Privacy Policy

Personal Data Processing Notice pursuant to Articles 13 and 14 of Regulation (EU) 2016/679 [“GDPR”] and Legislative Decree 30.6.2003 n. 196 [“Privacy Code”]

This personal data processing notice aims to provide full transparency regarding how the personal data of individuals registering for event or training services, online donations, job applications, volunteer activities, requests for information on institutional activities, or purchases of solidarity products [“The Services”] are processed.

Data Controller

The Data Controller is Fondazione Patrizio Paoletti per lo Sviluppo e la Comunicazione (VAT: 94092660540), based in Rome, Via Nazionale 230; email [fondazione@fondazionepatriziopaoletti.org](mailto:fondazione@fondazionepatriziopaoletti.org); certified email [fondazionepatriziopaoletti@pec.it](mailto:fondazionepatriziopaoletti@pec.it); phone 06 8082599 [“The Controller”].

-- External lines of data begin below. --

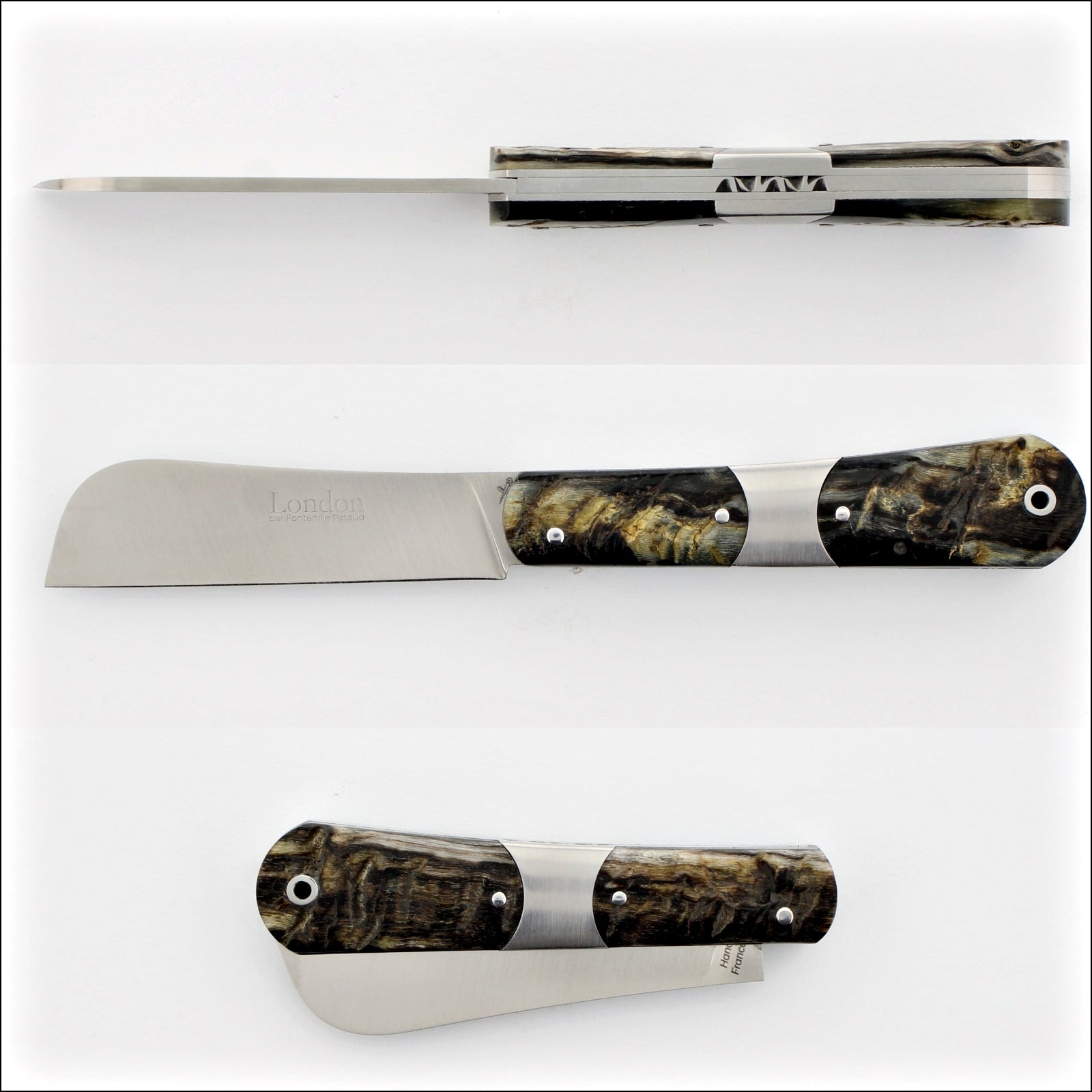 The Fontenille Pataud London Folding Knife is an exquisite piece of French craftsmanship from Thiers, a French city renowned for its centuries-old cutlery tradition. This modern iteration pays homage to the classic English "London Sailor's Knife" from the 19th century, reimagined for contemporary use with portability in mind — effortlessly fitting into a pocket or purse.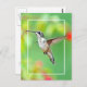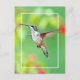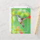 Un colibrí fotografiado en medio del aire con flores de enfoque suave como fondo.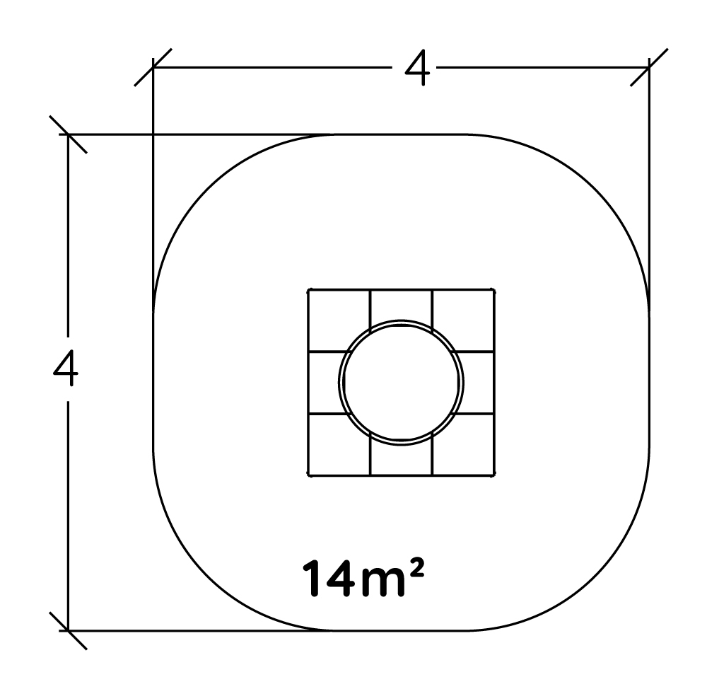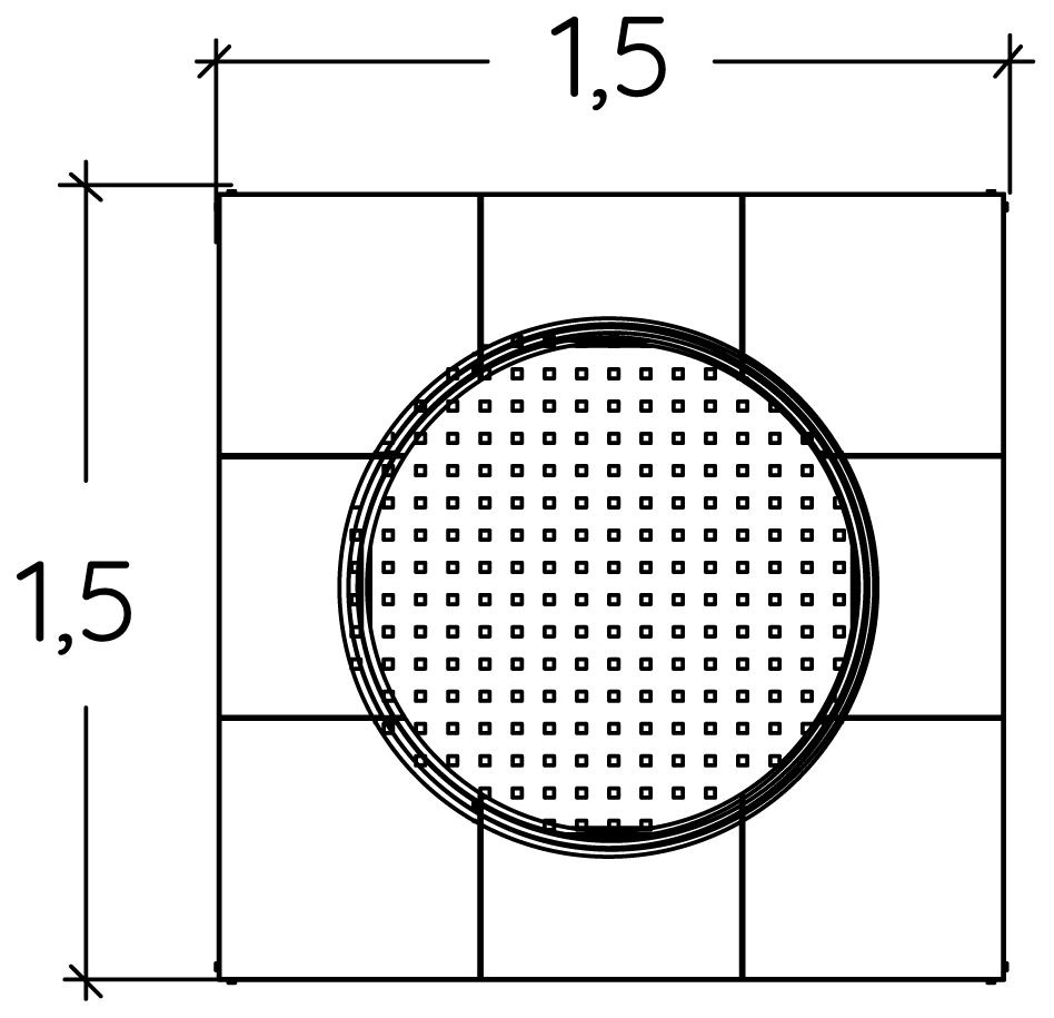 The size of the module is: 1.50 m length, 1.50 m width, 0.03 m. high. The free fall height (FFH) is 1.00 m.

The Controller has appointed a Data Protection Officer (DPO) pursuant to Art. 37 GDPR, Dr. Ilaria Sterpa. You can contact the DPO at any time for any questions or requests regarding your personal data and privacy at [privacy@fondazionepatriziopaoletti.org](mailto:privacy@fondazionepatriziopaoletti.org).

Personal Data Processed

When registering for the Services, you will be asked to provide contact information, including your first name, last name, email address, phone number, and optionally social media contact.

Purposes of Data Processing, Legal Basis, and Retention Periods

1. Use of the Services and Controller obligations

Processing is necessary for:

1. using the Services; legal basis: performance of a contract in which the data subject is a party (Art. 6(1)(b) GDPR);
2. analyzing the quality of the Services and your satisfaction, including for service improvement purposes; legal basis: legitimate interest of the Controller (Art. 6(1)(f) GDPR);
3. complying with legal obligations; legal basis: compliance with a legal obligation of the Controller (Art. 6(1)(c) GDPR);
4. protecting the rights of the Controller; legal basis: legitimate interest of the Controller (Art. 6(1)(f) GDPR).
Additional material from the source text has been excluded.